* Exercise aim
I would like the entries transcribed word for word, please, with the pictures removed.

* Given data
- - - - -
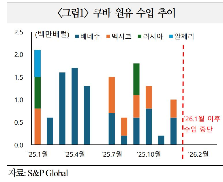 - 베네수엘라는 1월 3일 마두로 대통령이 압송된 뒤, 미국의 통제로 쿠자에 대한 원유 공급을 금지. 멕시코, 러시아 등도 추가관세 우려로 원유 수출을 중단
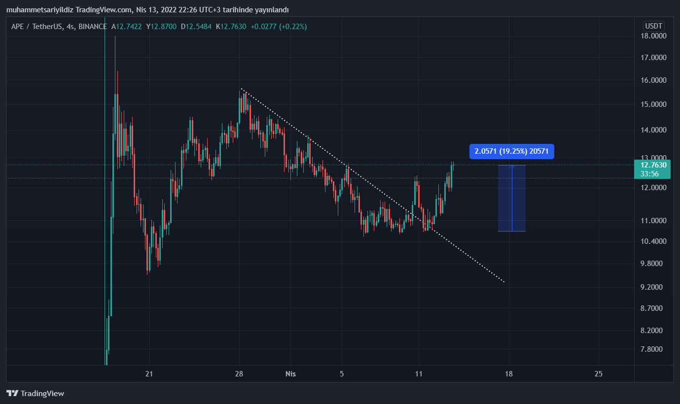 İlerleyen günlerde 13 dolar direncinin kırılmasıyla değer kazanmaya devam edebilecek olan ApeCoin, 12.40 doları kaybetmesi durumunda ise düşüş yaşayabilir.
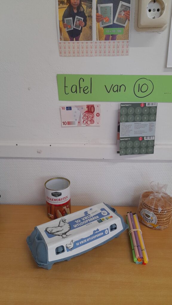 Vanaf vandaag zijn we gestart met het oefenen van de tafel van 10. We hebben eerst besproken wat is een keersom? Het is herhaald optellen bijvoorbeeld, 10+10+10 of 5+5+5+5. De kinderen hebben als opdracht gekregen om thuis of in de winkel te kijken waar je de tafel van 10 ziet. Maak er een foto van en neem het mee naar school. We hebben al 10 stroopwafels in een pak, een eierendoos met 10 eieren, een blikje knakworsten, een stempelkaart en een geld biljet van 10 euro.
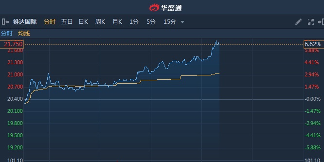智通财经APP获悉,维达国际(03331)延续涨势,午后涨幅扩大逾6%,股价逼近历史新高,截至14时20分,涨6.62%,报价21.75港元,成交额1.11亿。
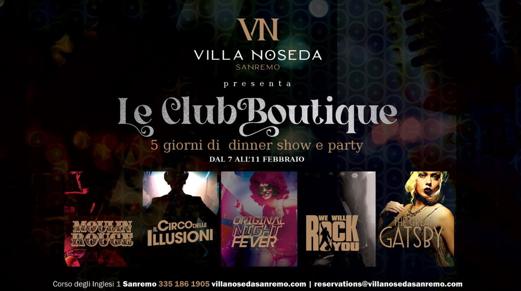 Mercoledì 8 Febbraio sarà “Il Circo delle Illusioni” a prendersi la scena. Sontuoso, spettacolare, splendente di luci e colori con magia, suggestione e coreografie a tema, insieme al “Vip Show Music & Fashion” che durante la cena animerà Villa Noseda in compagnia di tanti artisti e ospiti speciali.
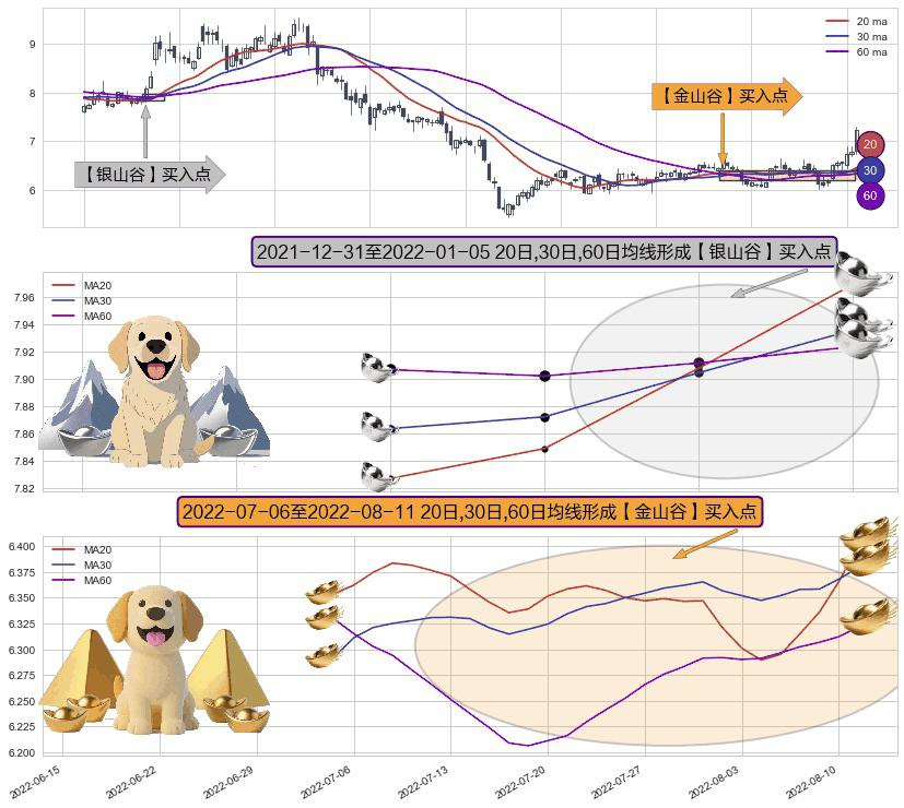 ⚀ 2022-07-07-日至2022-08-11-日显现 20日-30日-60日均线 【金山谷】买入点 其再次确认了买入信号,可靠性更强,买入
- - - - -
* Problem solution
 - 베네수엘라는 1월 3일 마두로 대통령이 압송된 뒤, 미국의 통제로 쿠자에 대한 원유 공급을 금지. 멕시코, 러시아 등도 추가관세 우려로 원유 수출을 중단
 İlerleyen günlerde 13 dolar direncinin kırılmasıyla değer kazanmaya devam edebilecek olan ApeCoin, 12.40 doları kaybetmesi durumunda ise düşüş yaşayabilir.
 Vanaf vandaag zijn we gestart met het oefenen van de tafel van 10. We hebben eerst besproken wat is een keersom? Het is herhaald optellen bijvoorbeeld, 10+10+10 of 5+5+5+5. De kinderen hebben als opdracht gekregen om thuis of in de winkel te kijken waar je de tafel van 10 ziet. Maak er een foto van en neem het mee naar school. We hebben al 10 stroopwafels in een pak, een eierendoos met 10 eieren, een blikje knakworsten, een stempelkaart en een geld biljet van 10 euro.
智通财经APP获悉,维达国际(03331)延续涨势,午后涨幅扩大逾6%,股价逼近历史新高,截至14时20分,涨6.62%,报价21.75港元,成交额1.11亿。
 Mercoledì 8 Febbraio sarà “Il Circo delle Illusioni” a prendersi la scena. Sontuoso, spettacolare, splendente di luci e colori con magia, suggestione e coreografie a tema, insieme al “Vip Show Music & Fashion” che durante la cena animerà Villa Noseda in compagnia di tanti artisti e ospiti speciali.
 ⚀ 2022-07-07-日至2022-08-11-日显现 20日-30日-60日均线 【金山谷】买入点 其再次确认了买入信号,可靠性更强,买入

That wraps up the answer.